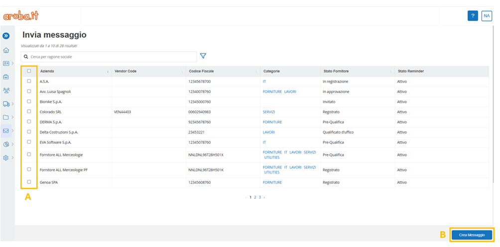 - Send Message: this area allows the internal user to send customised communications by clicking on the ‘Create Message’ button (B) to one or more suppliers in bulk by ticking the box (A) (ref. Figure 2).
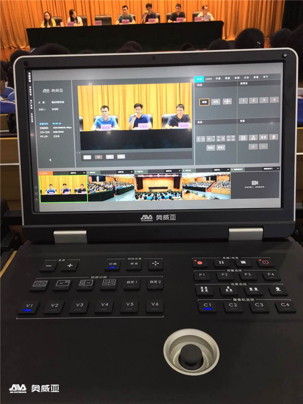 對于導(dǎo)播操作的問題,此次大會雖然由奧威亞的技術(shù)人員操作,但奧威亞在設(shè)計(jì)之初就已經(jīng)充分考慮到大多數(shù)老師并非專業(yè)導(dǎo)播人員的特點(diǎn),在操作設(shè)置上只設(shè)置最常用的核心功能實(shí)體鍵,普通老師也可快速上手,完成專業(yè)視頻資源的制作。
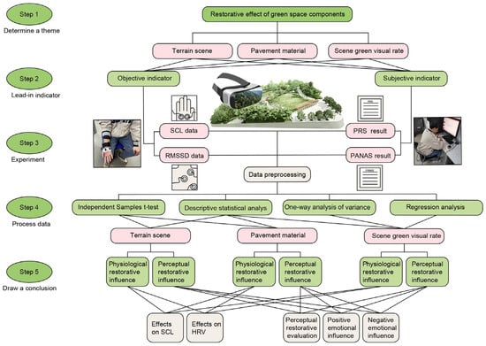First, according to our research theme, the experiment focused on three basic greenspace components, namely, terrain scene, pavement material, and scene green vision rate. The pressure recovery benefits were measured using both subjective and objective indicators. The experimental results were pre-processed and analysed using an independent sample t-test, descriptive statistical analysis, one-way analysis of variance, and regression analysis. Finally, the results are presented from both physiological and psychological perspectives. A technology roadmap is illustrated in Figure 1.
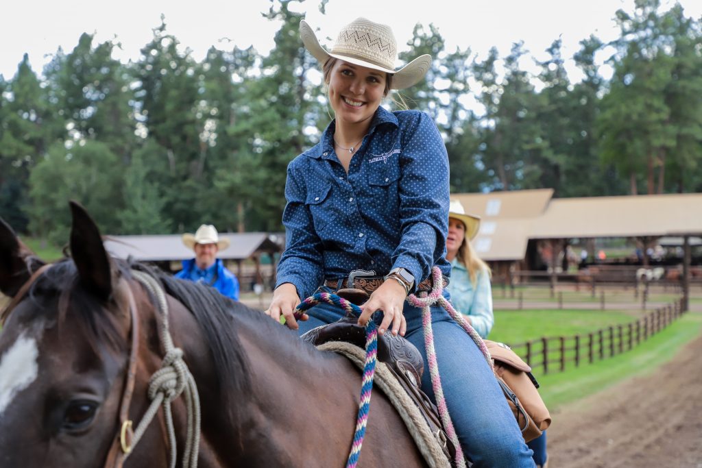 Shelah came to the lodge with her grown son and daughter and their kids. They’re all first-timers. “My daughter has been a dedicated rider all her life and my 10-year-old granddaughter is just like her, so they’ve been out riding every day, every chance they get,” she says. “My son and his boys aren’t interested in riding. They’ll get on a horse before the week is out, but they’ve been out swimming and on bikes and white-water rafting and all that.”
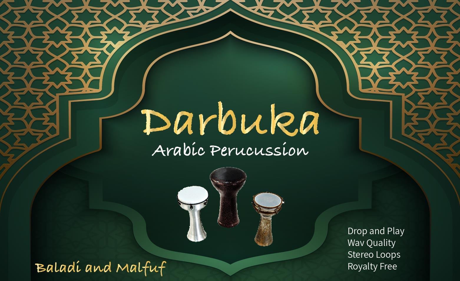 This package contains real darbuka loops in baladi rhythm, playing at 150 bpm.
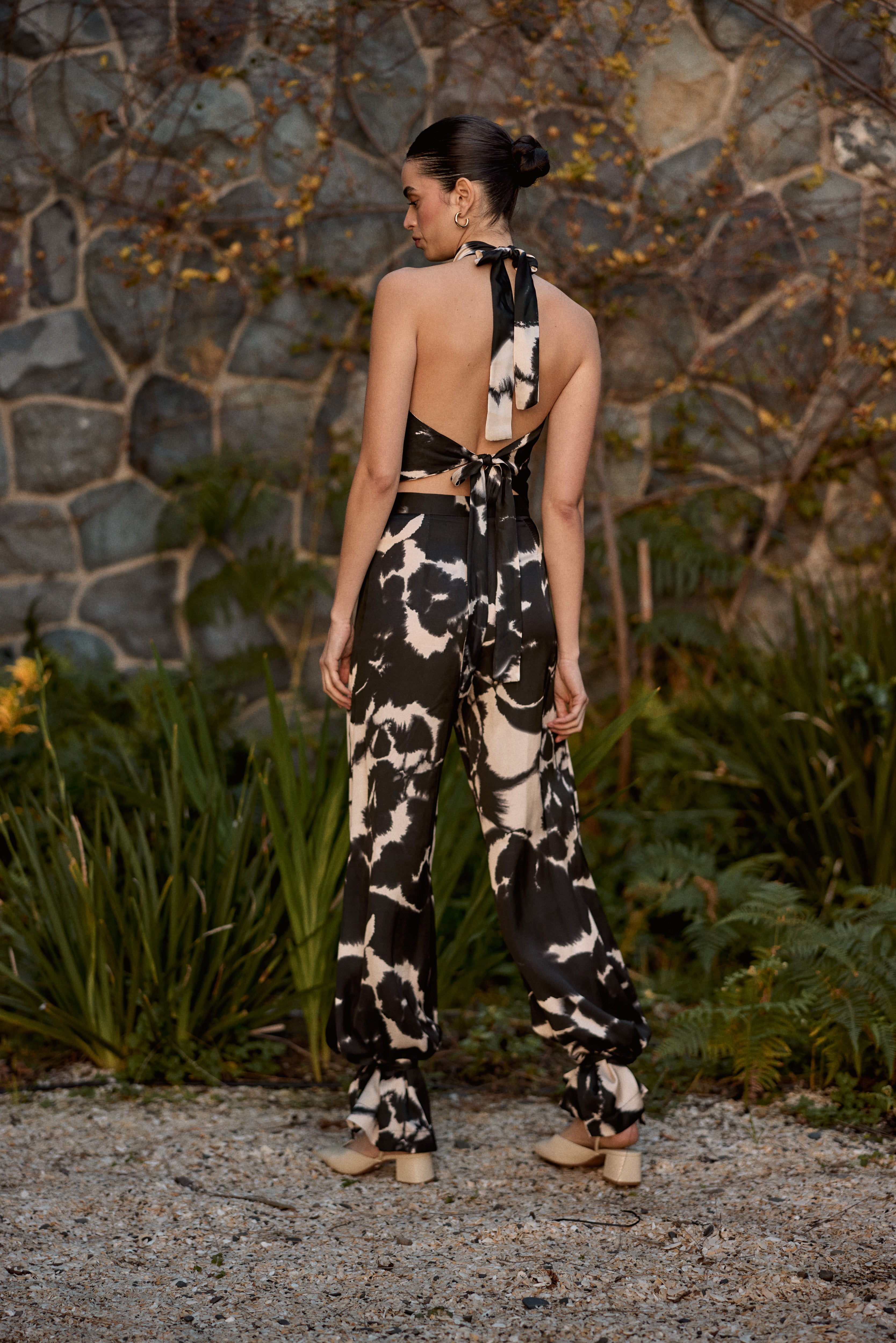 Ideal para combinar con su top halter a juego o con piezas minimalistas, este pantalón se convierte en la elección definitiva para ocasiones en las que la elegancia y la autenticidad son imprescindibles.
════════
Aim of the task: In the listing above, find the line with "對于導(dǎo)播操作的問題" and the line with "First, according to". Output both, plus every line between them, and no pictures.

Output of the exercise:
 對于導(dǎo)播操作的問題,此次大會雖然由奧威亞的技術(shù)人員操作,但奧威亞在設(shè)計(jì)之初就已經(jīng)充分考慮到大多數(shù)老師并非專業(yè)導(dǎo)播人員的特點(diǎn),在操作設(shè)置上只設(shè)置最常用的核心功能實(shí)體鍵,普通老師也可快速上手,完成專業(yè)視頻資源的制作。
First, according to our research theme, the experiment focused on three basic greenspace components, namely, terrain scene, pavement material, and scene green vision rate. The pressure recovery benefits were measured using both subjective and objective indicators. The experimental results were pre-processed and analysed using an independent sample t-test, descriptive statistical analysis, one-way analysis of variance, and regression analysis. Finally, the results are presented from both physiological and psychological perspectives. A technology roadmap is illustrated in Figure 1.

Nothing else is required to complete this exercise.